Lima started a hunger strike, at least since June 23, at the center near Los Fresnos.

The hunger strike has lasted for roughly a week, spurring the intervention of U.S. Attorney Tim Johnson on Wednesday.

On June 27, "Mr. Lima fell while taking a shower. He was too weak to support his own weight," Johnny Luna, an officer at the detention center, stated in federal court records.

In an emergency motion filed in federal court Wednesday before U.S. District Judge Hilda G. Tagle amid Lima's deteriorating health, Johnson said he doesn't know why the 26-year-old man started the strike.

Tagle issued court-ordered medical treatment for Lima the same day, authorizing medical personnel to monitor Lima's vital signs and administer whatever intravenous fluids were deemed necessary to prevent life-threatening dehydration.

Tagle scheduled a follow-up hearing for 10 a.m. Monday.

The Court appointed attorney Jodilyn Marie Goodwin, of Harlingen, to represent Lima's interests. Goodwin declined comment Thursday on both Lima's medical condition and said she didn't know why he initiated the hunger strike.

The U.S. Department of Homeland Security operates the detention center and Lima is under the custody of Immigration and Customs Enforcement.

Originally from Haiti, Lima became a permanent resident of the U.S. in 2003, but he was convicted in Florida of battery and received a 30-day sentence in jail and 330 days probation, the court record reflects.

ICE became aware of Lima while he was in jail in Florida pending charges of aggravated battery that were later dismissed, according to the court record. The date of conviction and when ICE encountered him are not provided in court documents.

But ICE is seeking Lima's deportation because he committed a crime involving moral turpitude within five years of entry into the U.S., according to the court record.

ICE initiated removal proceedings in Florida on March 17 and Lima was brought to the Port Isabel Detention Center May 9, the public record shows.

Although not subject to mandatory detention, Lima was originally held without bond. The court record does not reflect why. After Lima was transferred to the Port Isabel Detention Center, his bond was set at $5,000.

Staff began to monitor Lima June 23 and, within the next 72 hours, he didn't eat or drink anything.
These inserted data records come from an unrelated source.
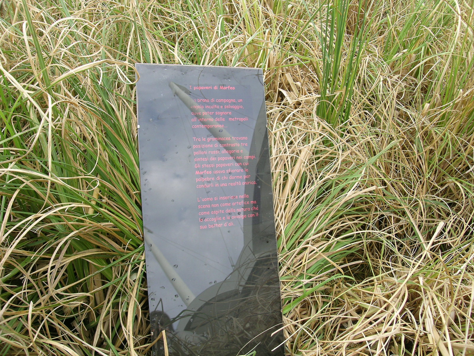 Tra le graminacee trovano posizione di contrasto tre palloni rossi, allegoria e sintesi dei papaveri nei campi. Gli stessi papaveri con cui Morfeo usava sfiorare le palpebre di chi dorme, per condurli in una realtà onirica.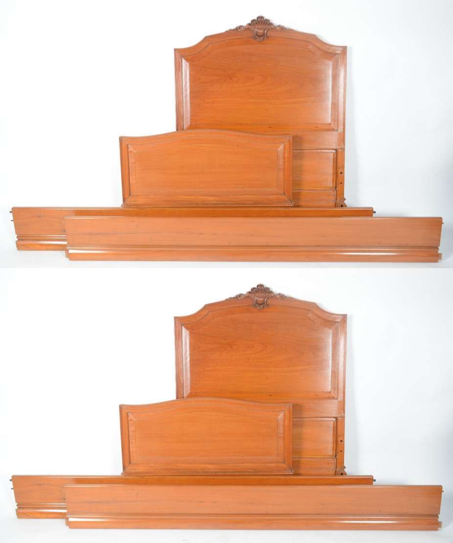 Par de camas de solteiros de madeira nobre, completa com laterais e estrado. Estilo Chipendale.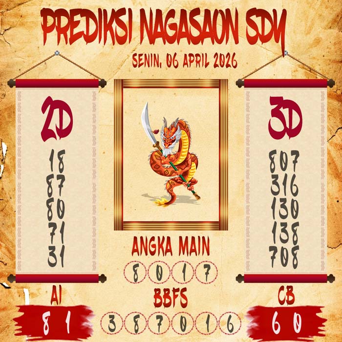 Untuk Mendapatkan bocoran bandar sydney hari ini ataupun live draw sd kitanya kita perlu menampilkan prediksi angka main sdy untuk menebak live draw sydney yang di keluarkan dari live togel sdy dalam data sydney live. Seperti Tampilan diatas, prediksi sydney hari ini di prediksi oleh nagasaon sydney untuk para pecinta prediksi sidney hari ini.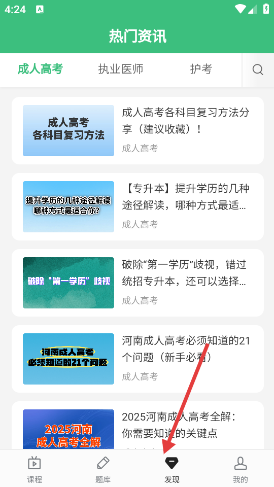3、切换到【发现】页面,可浏览成人高考、执业医师、护考等类别的热门资讯信息。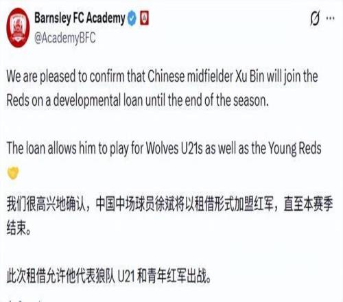 相比于狼隊的官宣,巴恩斯利這邊發布徐彬租借加盟消息的,卻是巴恩斯利足球俱樂部學院。
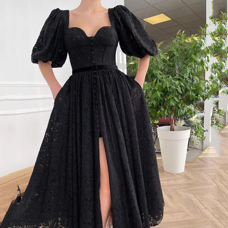BridalAffair, ТРАПЕЦИЕВИДНОЕ черное платье для выпускного вечера с карманами, с пышными рукавами, кружевные вечерние платья, праздничное платье на заказ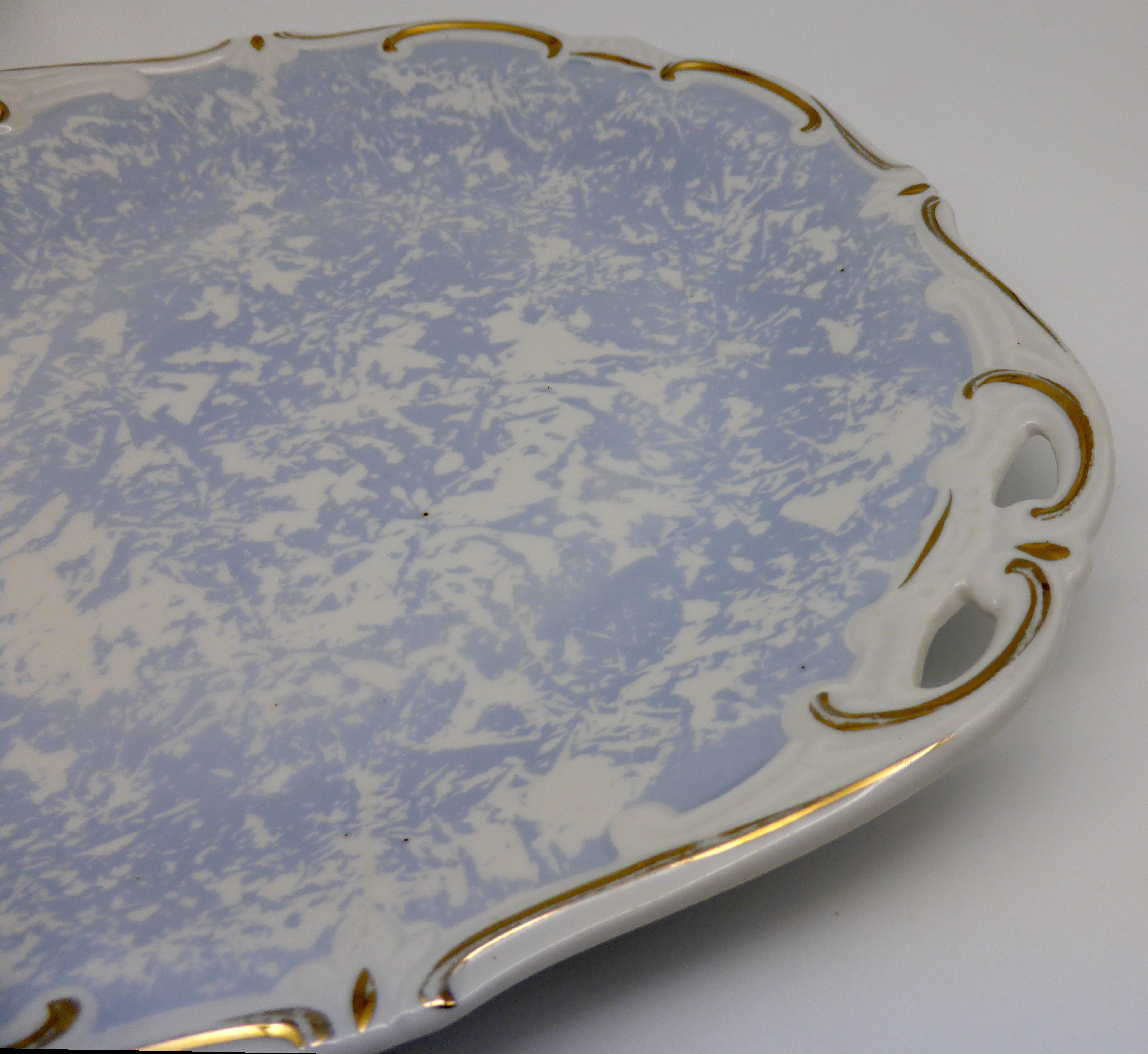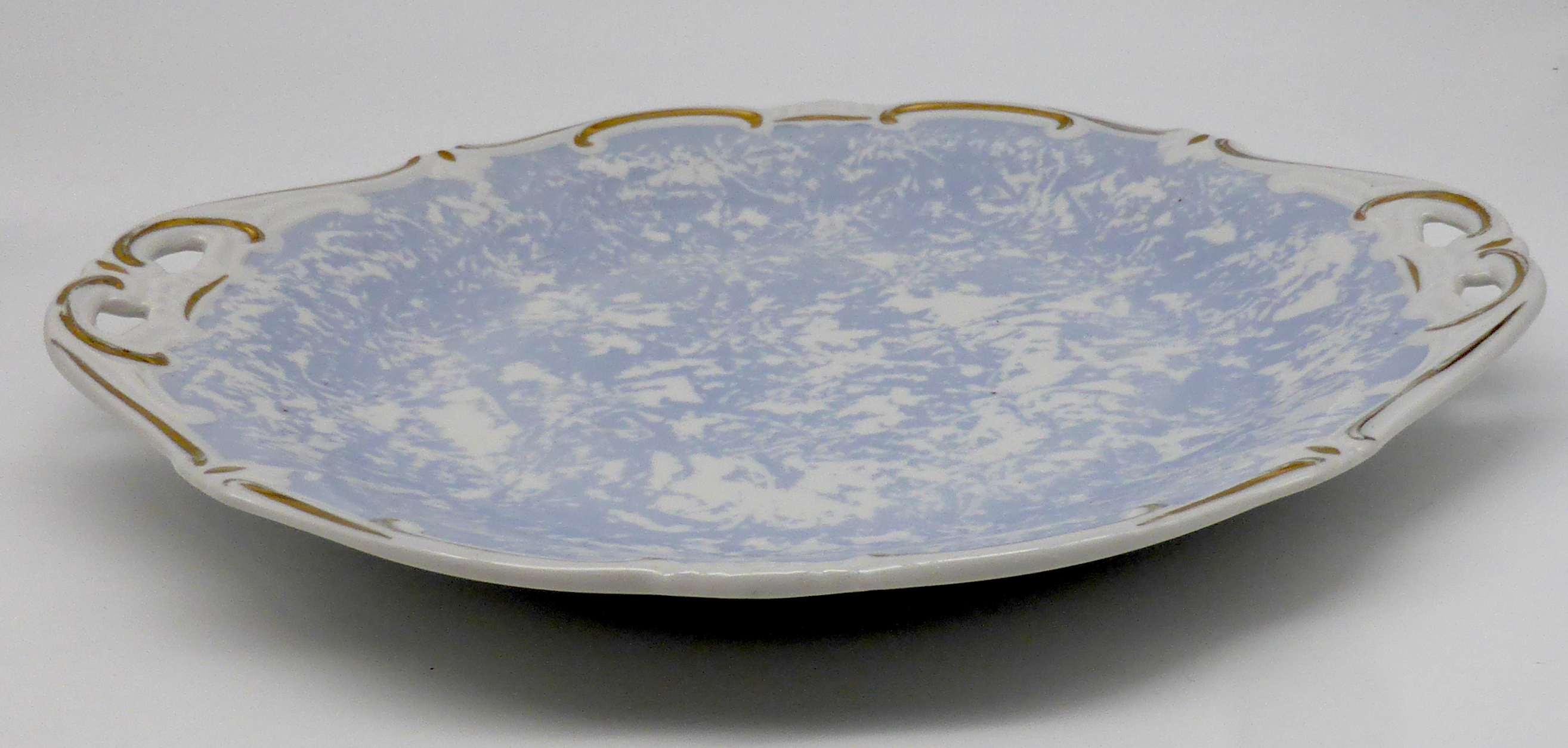 Weiterführende Links zu "Weimar Porzellan Gebäckplatte rund 23,5x25,5 cm hellblau mit Goldrand"

A nurse saw him twice daily to monitor his vital signs, but on June 26, he refused to allow his vital signs to be taken, according to Johnson. However, Luna stated that Lima did allow medical staff to take his vital signs that day and that these were in the normal range.

After he fell June 27, he was taken to the center's medical unit and then transported to Valley Baptist Medical Center-Harlingen.
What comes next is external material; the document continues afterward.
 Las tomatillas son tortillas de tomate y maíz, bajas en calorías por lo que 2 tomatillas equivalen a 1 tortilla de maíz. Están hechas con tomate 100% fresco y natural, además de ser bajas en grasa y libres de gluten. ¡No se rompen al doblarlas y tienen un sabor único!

On June 28 and thereafter, he refused to allow hospital staff to take his vital signs or to conduct laboratory work.

Lima "has been counseled on the medical consequences of his hunger strike such as dehydration and death, but continues to refuse the three meals he is offered each day, as well as water and nutritional supplements," Johnson stated in court records.

Psychiatrist Dr. Corey Roman found Lima to be mentally competent, with no evidence of depression and not impaired in judgment or insight.
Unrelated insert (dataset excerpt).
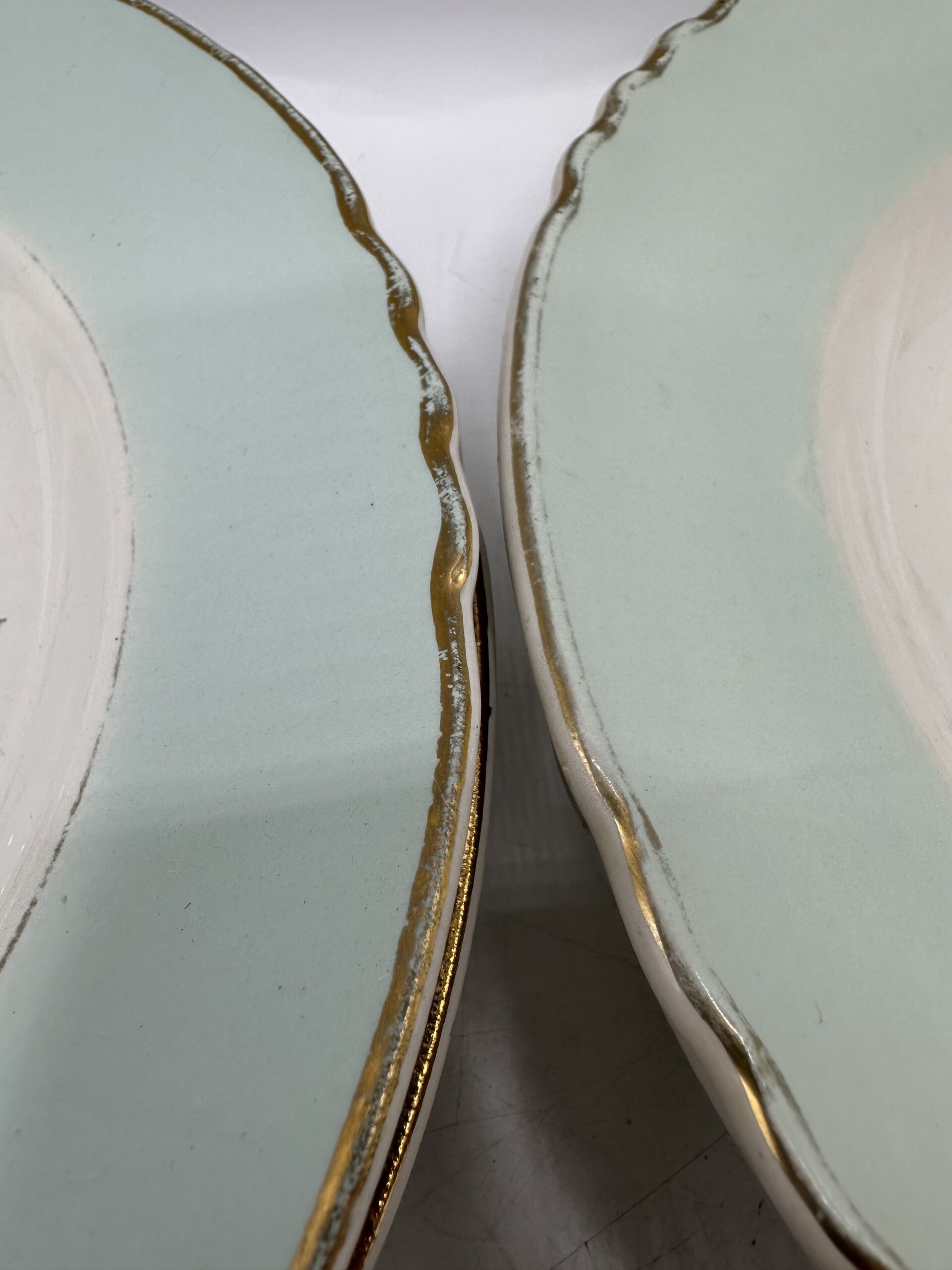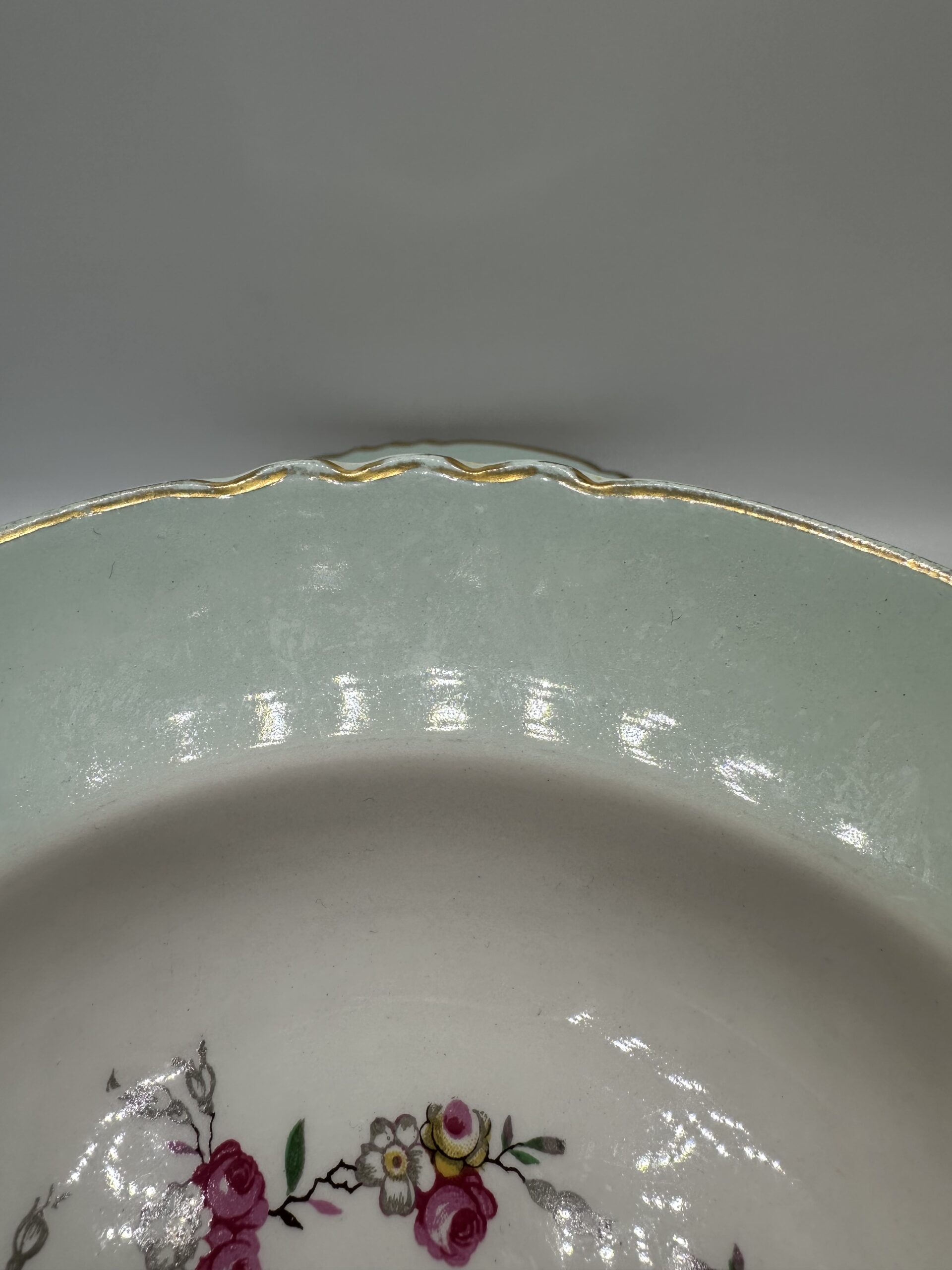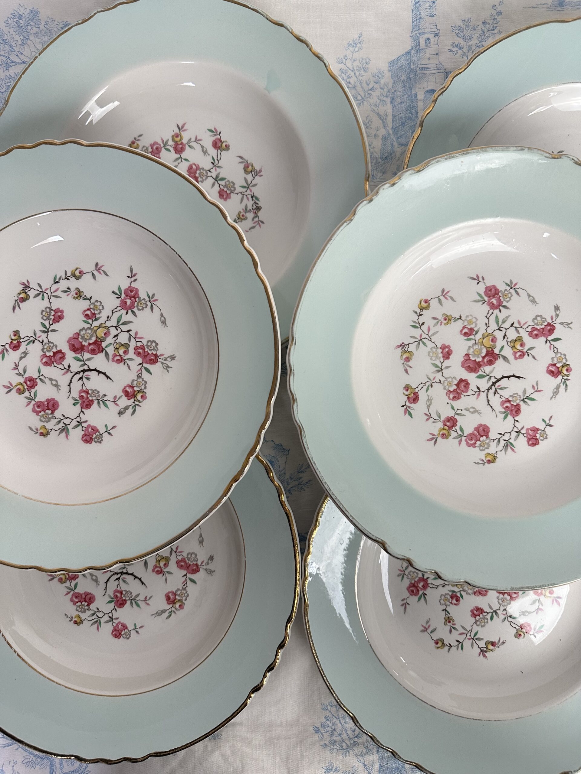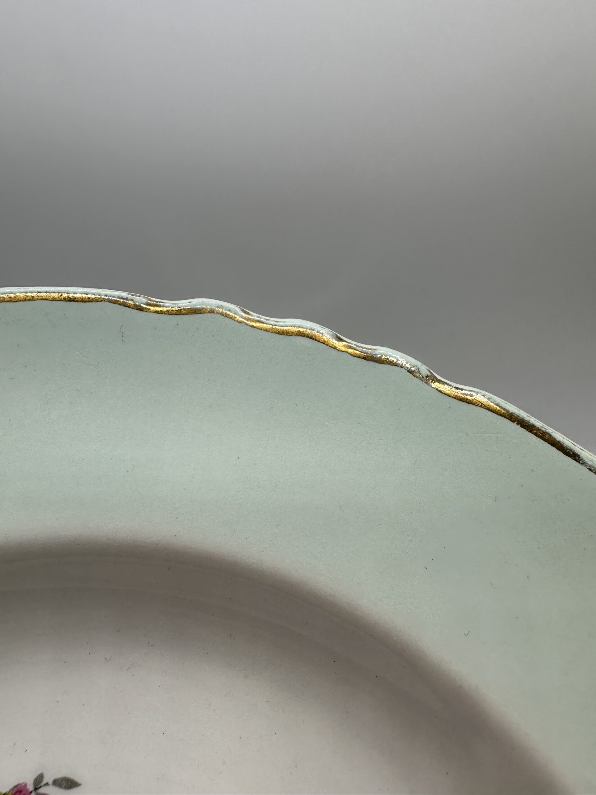 Ces assiettes creuses sont à la fois douces et romantiques. Elles présentent une large bande vert pastel, un motif fleuri au centre et deux liserés dorés qui encadrent avec élégance le décor. Elles sont en bon état général, avec quelques légères usures sur les liserés dorés à signaler (bien regarder les photos).

Johnson further stated that Captain Luzviminda Peredo-Berger, a doctor and the center's clinical director, believes the hunger strike places Lima's health in danger by creating a risk of dehydration, kidney damage, seizures, cardiac damage and even death.

In connection with the deportation of another detainee Rama Carty to Haiti, the labor and social justice organization Southwest Workers' Union, which has an office in Edinburg, issued a statement on June 4 saying that a hunger strike at the center had continued since late April. The demands claimed lack of due process, medical attention for all detainees, access to legal resources and physical and verbal abuses.

And in March, Amnesty International noted that it released a new report titled "Jailed without Justice" that exposes the immigrant detention system in the U.S. as broken and unnecessarily costly.

According to the report, more than 30,000 immigrants are in detention on any given day in the U.S. and that this is triple the average number detained just ten years ago.

"Immigrants can be detained for months or years without any meaningful judicial review despite international human rights standards requiring such review," the report states.